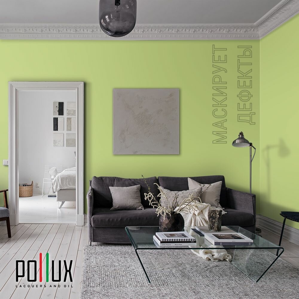 Краска моющаяся интерьерная для стен и потолков, Pollux INTERIOR без запаха, быстросохнущая, акриловая, матовое покрытие, цвет NCS S 1040-G50Y, 1л. информация:
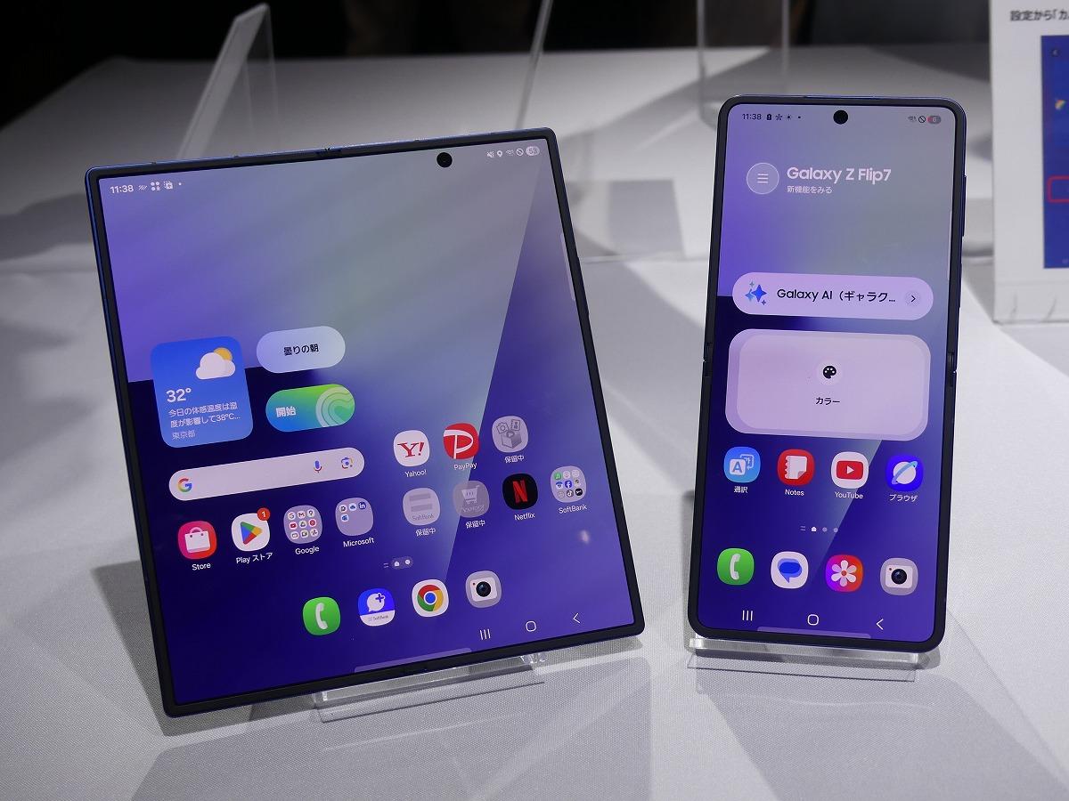 それに連なる最新端末が、折りたたみスマホ「Galaxy Z Fold7」と「Galaxy Z Flip7」だ。特にZ Fold7は、Z Foldシリーズ史上最薄最軽量を実現し、サムスン電子の技術力の高さを見せつけた。厚さは折りたたんだ状態でも8.9ミリで、折りたたまない一般のスマホと変わらない。
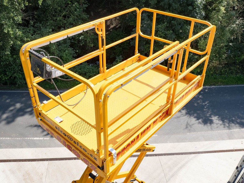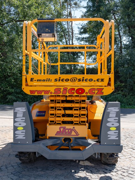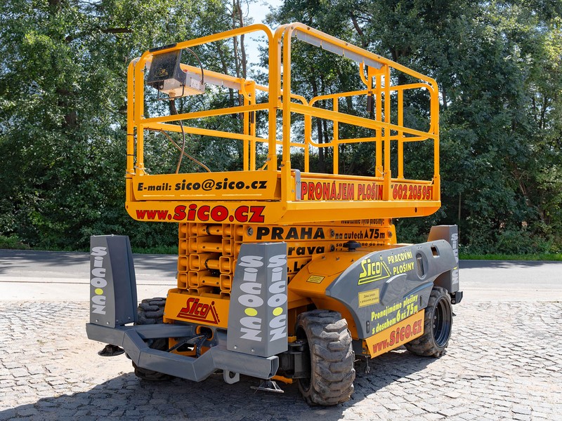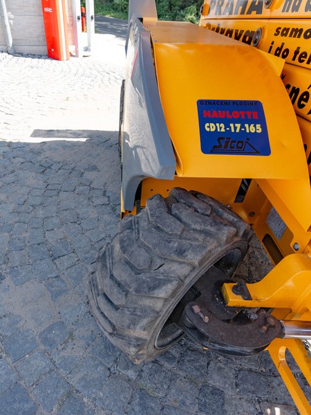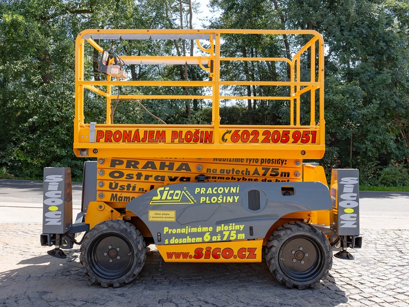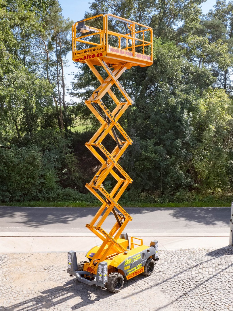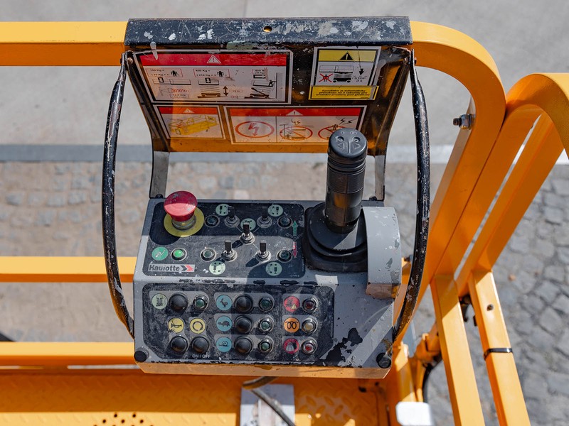 Dieselová nůžková plošina Haulotte pro práce v obtížném terénu. H 12 DX disponuje maximální pracovní výškou 12,06 metru a v koši unese 450 kilogramů.
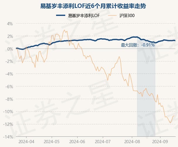 证券之星消息,9月20日,易基岁丰添利LOF最新单位净值为1.6459元,累计净值为2.5569元,较前一交易日下跌0.05%。历史数据显示该基金近1个月上涨0.09%,近3个月下跌0.08%,近6个月上涨1.25%,近1年上涨3.59%。该基金近6个月的累计收益率走势如下图:
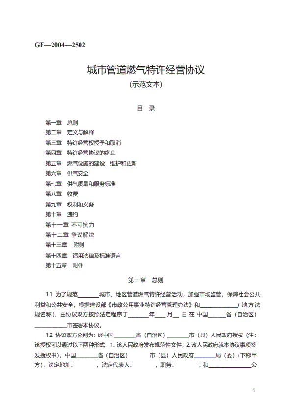 城市管道燃气特许经营协议 GF—2004—2502
======
### Requirement
Repeat the line containing "证券之星消息,9月20日,易" and every line after it up to the end of the material above, exactly as they stand, minus the pictures.

### Your solution
 证券之星消息,9月20日,易基岁丰添利LOF最新单位净值为1.6459元,累计净值为2.5569元,较前一交易日下跌0.05%。历史数据显示该基金近1个月上涨0.09%,近3个月下跌0.08%,近6个月上涨1.25%,近1年上涨3.59%。该基金近6个月的累计收益率走势如下图:
 城市管道燃气特许经营协议 GF—2004—2502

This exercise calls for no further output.